• PROBLEM TO WORK ON
Repeat everything in the data exactly except images.

======== DATA SEGMENT

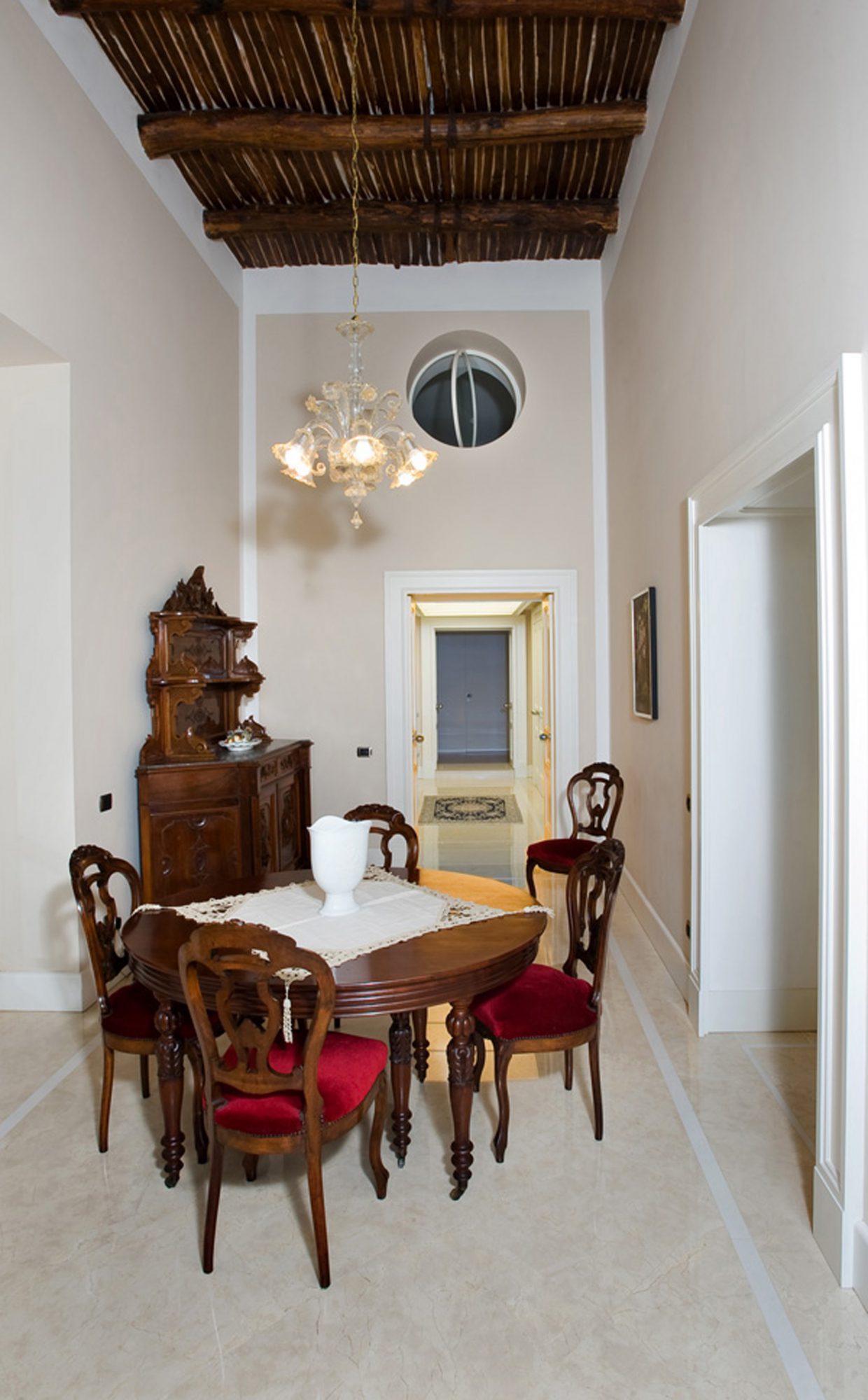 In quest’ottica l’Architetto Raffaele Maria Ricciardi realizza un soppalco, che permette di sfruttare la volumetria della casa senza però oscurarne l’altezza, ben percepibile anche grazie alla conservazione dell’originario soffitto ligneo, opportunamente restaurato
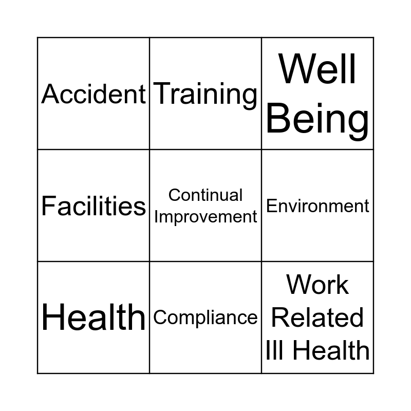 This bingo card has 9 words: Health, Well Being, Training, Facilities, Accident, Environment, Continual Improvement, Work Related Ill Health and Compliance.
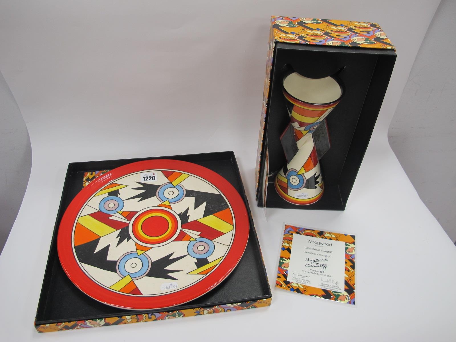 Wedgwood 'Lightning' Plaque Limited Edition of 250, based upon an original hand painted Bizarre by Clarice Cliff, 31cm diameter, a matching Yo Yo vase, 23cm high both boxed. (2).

================

• ANSWER TO THIS PROBLEM
 In quest’ottica l’Architetto Raffaele Maria Ricciardi realizza un soppalco, che permette di sfruttare la volumetria della casa senza però oscurarne l’altezza, ben percepibile anche grazie alla conservazione dell’originario soffitto ligneo, opportunamente restaurato
 This bingo card has 9 words: Health, Well Being, Training, Facilities, Accident, Environment, Continual Improvement, Work Related Ill Health and Compliance.
 Wedgwood 'Lightning' Plaque Limited Edition of 250, based upon an original hand painted Bizarre by Clarice Cliff, 31cm diameter, a matching Yo Yo vase, 23cm high both boxed. (2).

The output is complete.